Question

prove that:. sin⁶theta +cos⁶ theta = 1-3 sin² theta . cos²theta​

Answer 1

Step-by-step explanation:

LHS =(sin^2 theta + cos^2 theta)^3

=1

RHS

= sin^6 theta +cos^6 theta+3sin^2 theta ×cos^2 theta ( sin ^2 theta + cos ^2 theta)

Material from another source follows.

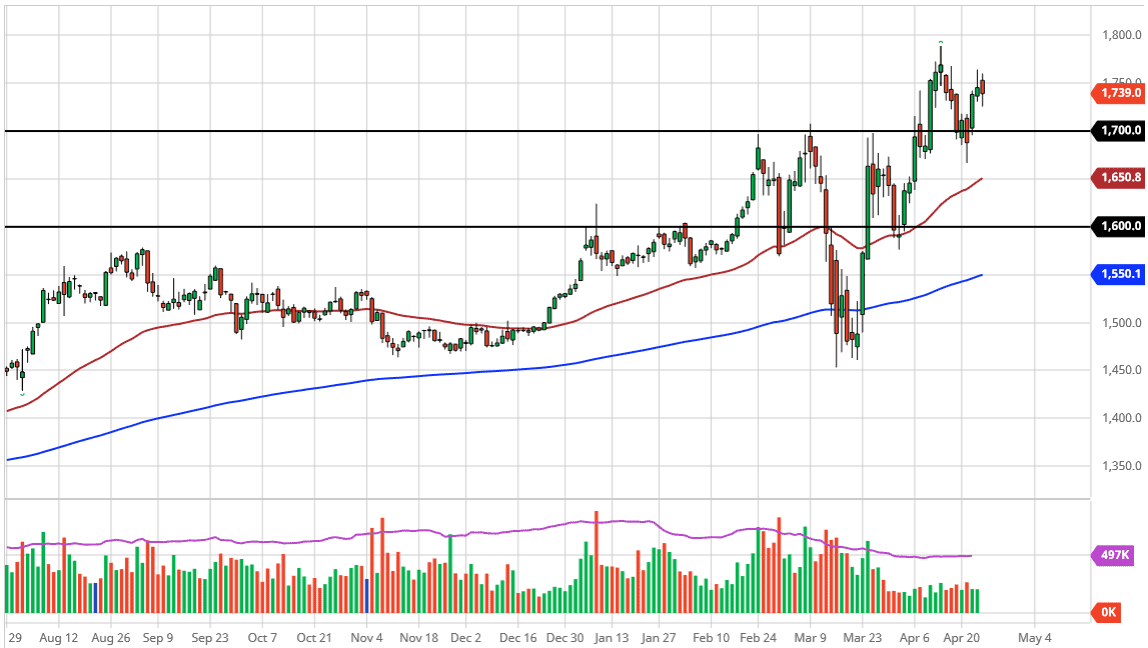 I believe $1700 begins about a $50 support level, and it should be noted that the 50 day EMA is currently at the $1650 level and therefore I think that we will see a lot of support in that area. Alternately, if we break above the top of the shooting star from the Thursday session, we could go towards the highs again, but we need some type of shock to make that happen. As we head into the weekend though, anything is possible so we will have to see whether or not there is a gap higher to kick off the week. I doubt that going into the close, so I am more of the mindset of buying the pullback, but I would be flexible enough to buy this market if it gaps to the upside at the open.

= sin^6 theta +cos^6 theta+3sin^2 theta ×cos^2 theta

Taking 3sin^2 theta ×cos^2 theta from LHS to RHS

LHS = 1 -3sin^2 theta ×cos^2 theta

Now we have,

sin^6 theta +cos^6 theta = 1 -3sin^2 theta ×cos^2 theta

( as we have just transposed the terms using ( a+b)^3 = a^3+ b ^3 + 3 ab ( a + b ) identity....

Hence proved

Answer 2

$\large\underline{\sf{Given- }}$

$\sf \: Prove \: that : \: {sin}^{6} \theta \: + \: {cos}^{6} \theta = 1 - 3 {sin}^{2} \theta \: {cos}^{2} \theta$

$\large\underline{\sf{Solution-}}$

We know,

$\boxed{ \bf \: {x}^{3} + {y}^{3} = {(x + y)}^{3} - 3xy(x + y) }$

and

$\boxed{ \bf \: {sin}^{2} \theta + {cos}^{2} \theta = 1}$

Now,

Consider,

$\rm :\longmapsto\: {sin}^{6} \theta + {cos}^{6} \theta$

can be rewritten as

$\sf \: \: \: \: = \: \: {\bigg( {sin}^{2} \theta \bigg) }^{3} + { \bigg( {cos}^{2} \theta\bigg) }^{3}$

$\sf \: \: \: \: = \: \: {\bigg({sin}^{2} \theta + {cos}^{2} \theta \bigg) }^{3} - 3 {sin}^{2} \theta \: {cos}^{2} \theta \: \bigg( {sin}^{2} \theta + {cos}^{2} \theta\bigg)$

$\sf \: \: \: \: = \: \: {(1)}^{3} - 3 \: {sin}^{2} \theta \: {cos}^{2} \theta \times 1$

$\sf \: \: \: \: = \: \: 1 - 3 \: {sin}^{2} \theta \: {cos}^{2} \theta$

${\boxed{\boxed{\bf{Hence, Proved}}}}$

Additional Information:-

sin θ = Opposite Side/Hypotenuse

cos θ = Adjacent Side/Hypotenuse

tan θ = Opposite Side/Adjacent Side

sec θ = Hypotenuse/Adjacent Side

cosec θ = Hypotenuse/Opposite Side

cot θ = Adjacent Side/Opposite Side

Reciprocal Identities

cosec θ = 1/sin θ

sec θ = 1/cos θ

cot θ = 1/tan θ

sin θ = 1/cosec θ

cos θ = 1/sec θ

tan θ = 1/cot θ

Co-function Identities

sin (90°−x) = cos x

cos (90°−x) = sin x

tan (90°−x) = cot x

cot (90°−x) = tan x

sec (90°−x) = cosec x

cosec (90°−x) = sec x

Fundamental Trigonometric Identities

sin²θ + cos²θ = 1

sec²θ - tan²θ = 1

cosec²θ - cot²θ = 1